Pictures excluded, please transcribe exactly the lines from the one with "Zaradi napacnega nakupa" through the end of the records below, and nothing more.

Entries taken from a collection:
________

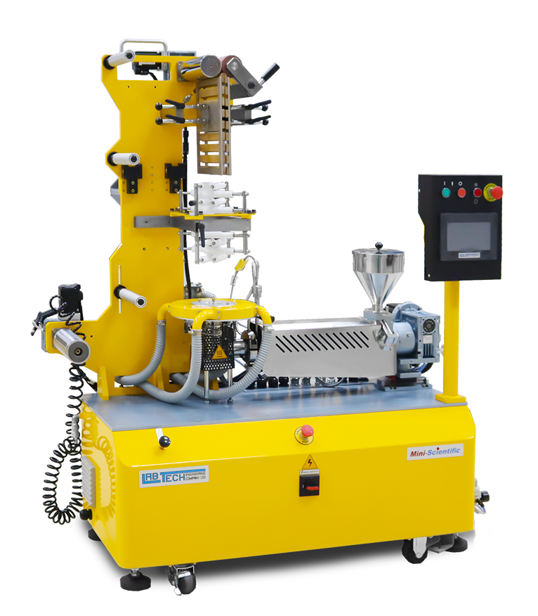 Our New Scientific Mini Single-Layer Blown Film Line is a cost-effective and practical choice for research in film-blowing applications. Designed with compact sizing, this mini line occupies a minimum floor space. It features a compact design with a mini-sized 16mm single-screw extruder that provides consistent melt output, a spiral mandrel with a 25mm annular die lip diameter for uniform blown film production, and an easy-to-use computerized LCD touchscreen control panel. The blown film can achieve a maximum layflat width of 180mm, making it suitable for a wide range of applications.
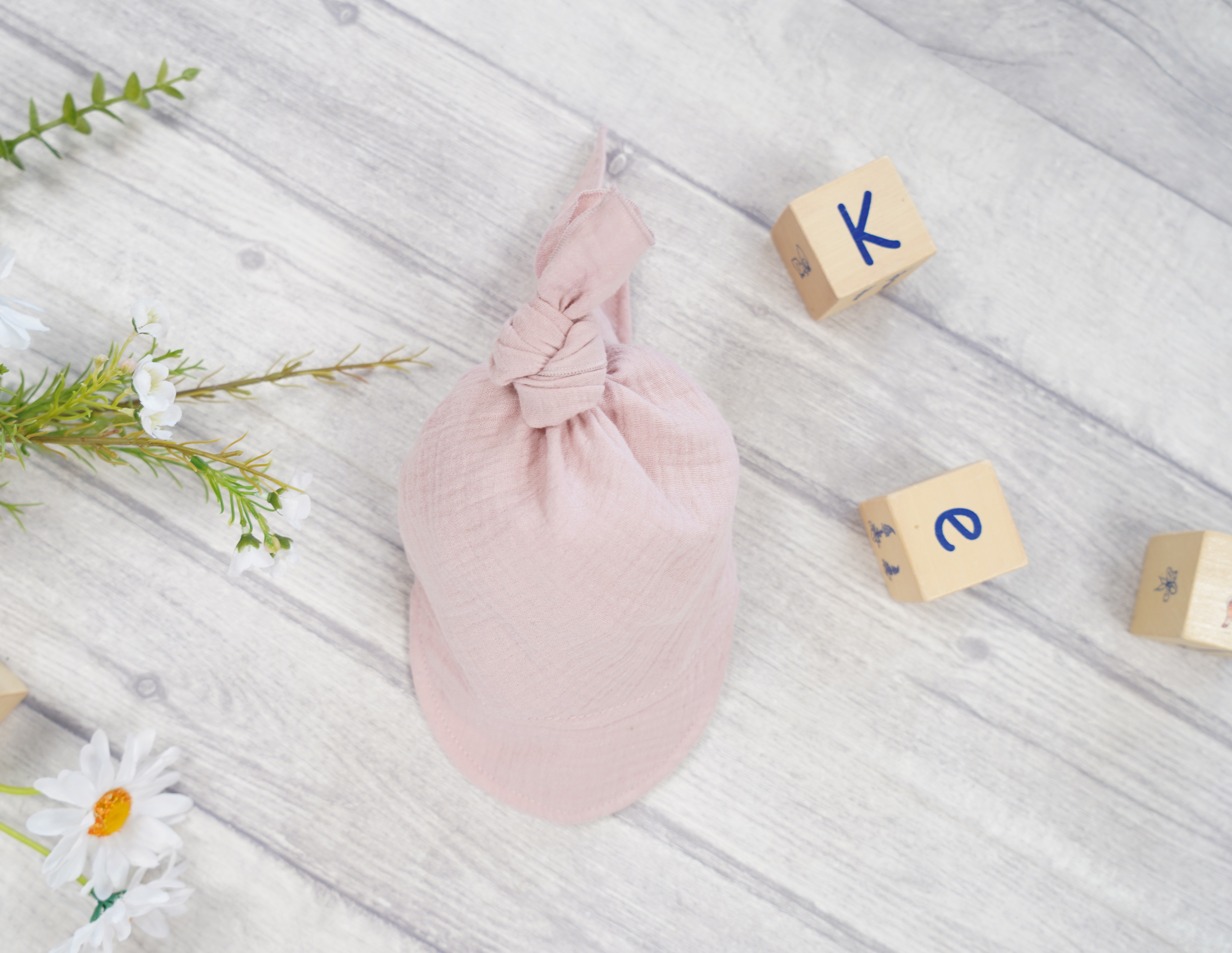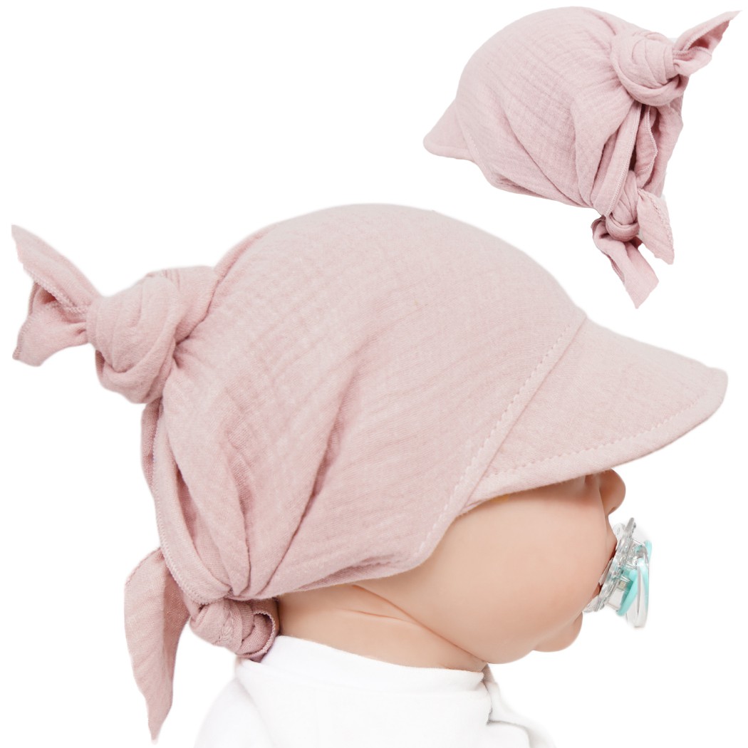 Czapka CHUSTA muślinowa brudny róż z daszkiem wiązana LATO
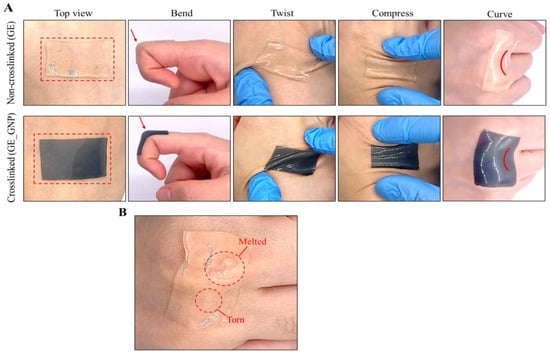 Furthermore, the adhesive properties of the hydrogel patches were also evaluated to determine their ability to conform to any parts of the skin under various external stimuli, including the bending, compressing, twisting, and curvature of the hydrogel. Surprisingly, during the fabrication process of the hydrogel patch, it was discovered that hydrogels with a thickness of more than 2 mm were neither as adhesive nor as stretchable. This finding was then later supported by a study, stating that thinner hydrogels store less elastic energy, which allows the hydrogel to stretch more freely []. Additionally, elasto-capillary effects also play a crucial role in thin and soft hydrogels due to their ability to maintain stable surfaces and strong adhesion by increasing surface tension forces. This can be compared to thicker hydrogels that experience higher elasto-capillary lengths, often leading to a wrinklier and creasing appearance, as well as a reduction in adhesive performance [,]. As observed in Figure 3A, we provide a comparison of the GE (non-crosslinked) and GE_GNP (crosslinked) hydrogel patches applied to the skin, showing that they adhered well onto the skin while following the bending and curving of the skin. However, as shown in Figure 3B, the non-crosslinked (GE) hydrogel showed noticeable melting and tearing of the hydrogel after 2 min on the skin (body temperature: 37 °C). It also underwent poor degradation and durability and exhibited weak mechanical stability, as it deformed easily under stress. In contrast, crosslinked hydrogels were able to withstand the body temperature for a long period due to the formation of covalent bonds enhancing the three-dimensional network and mechanical properties [].
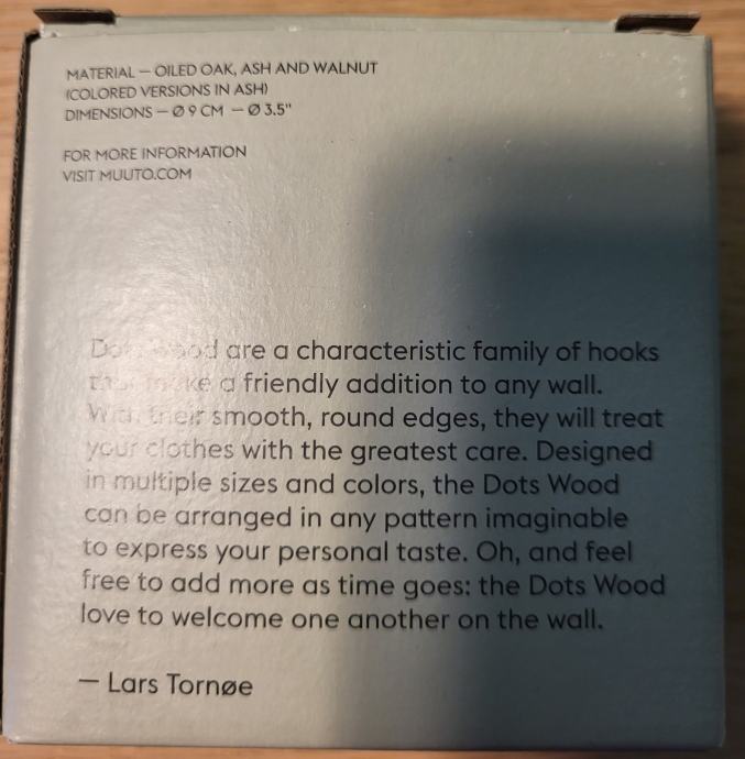 Zaradi napacnega nakupa prodam v original embalazi, popolnoma nov obesalnik Dots Wood MUUTO, made in Slovenia, design Denmark. Cena 1kom 20€. Premer kroga 9cm. Prevzem v NG in njeni okolici.
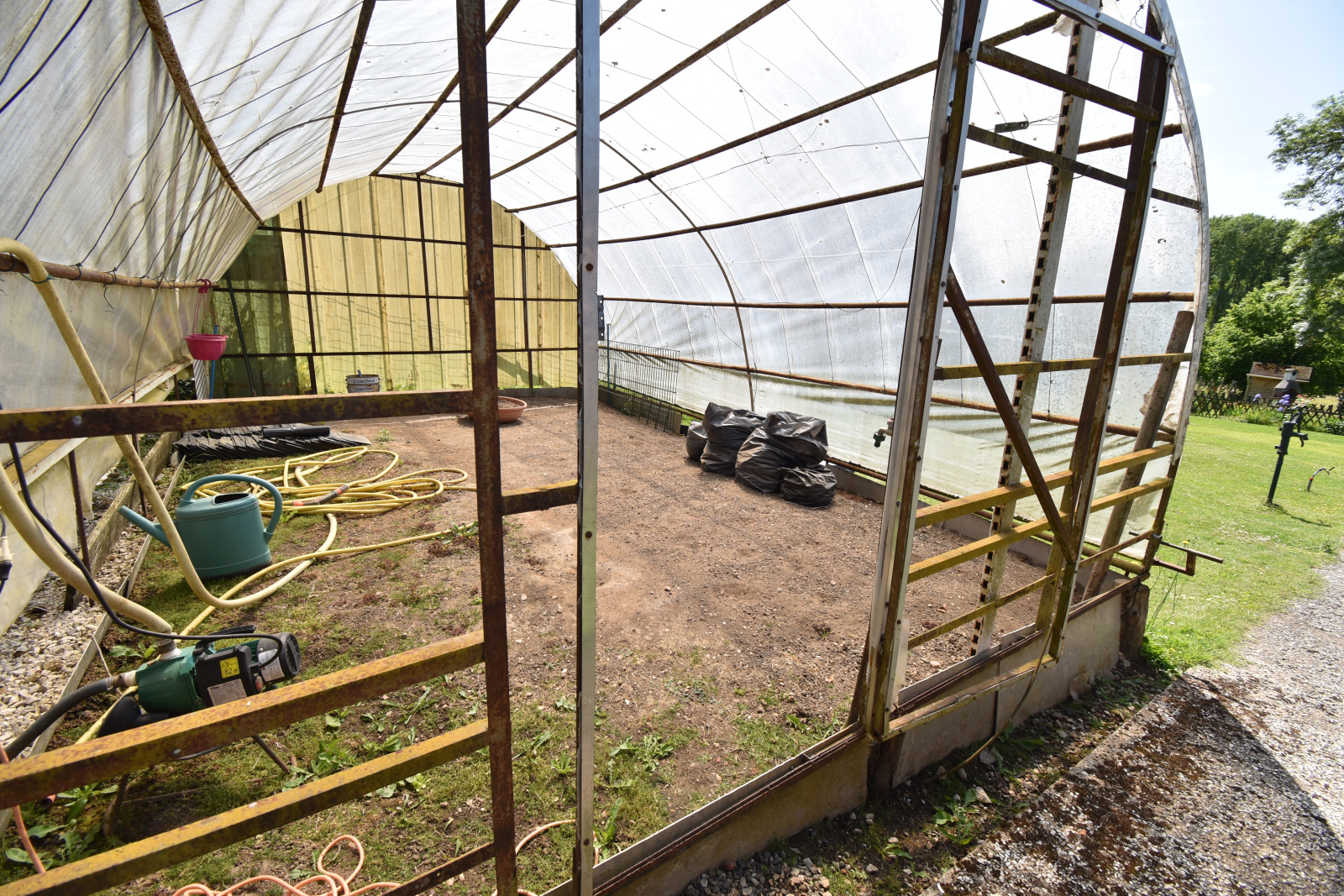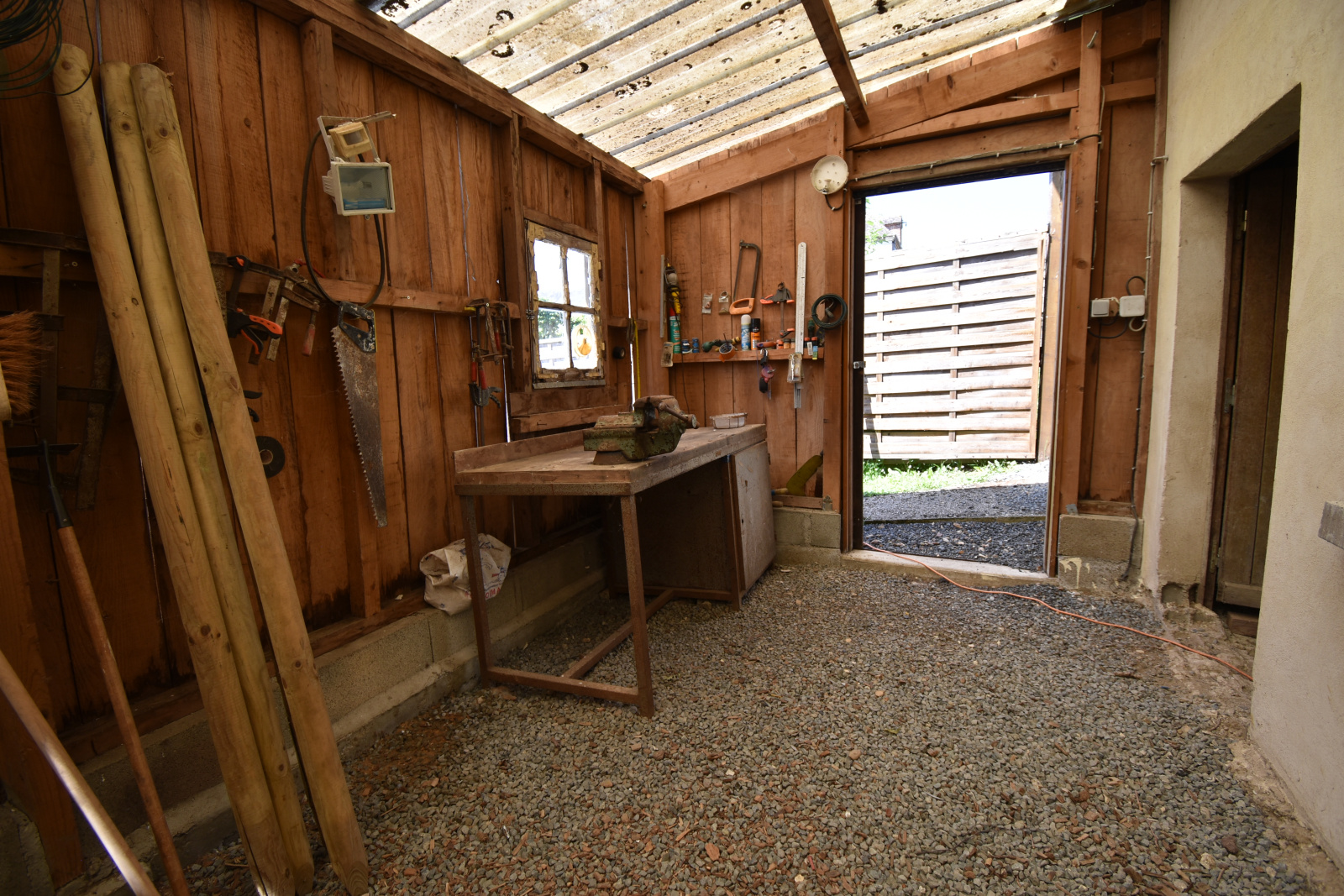 Sur une autre parcelle se trouvent deux garages avec parking, un atelier, une serre suivi d’un parc arboré et clos viabilisé sur lequel se situe un chalet bois équipé.

________

[RESPONSE]
 Zaradi napacnega nakupa prodam v original embalazi, popolnoma nov obesalnik Dots Wood MUUTO, made in Slovenia, design Denmark. Cena 1kom 20€. Premer kroga 9cm. Prevzem v NG in njeni okolici.
 Sur une autre parcelle se trouvent deux garages avec parking, un atelier, une serre suivi d’un parc arboré et clos viabilisé sur lequel se situe un chalet bois équipé.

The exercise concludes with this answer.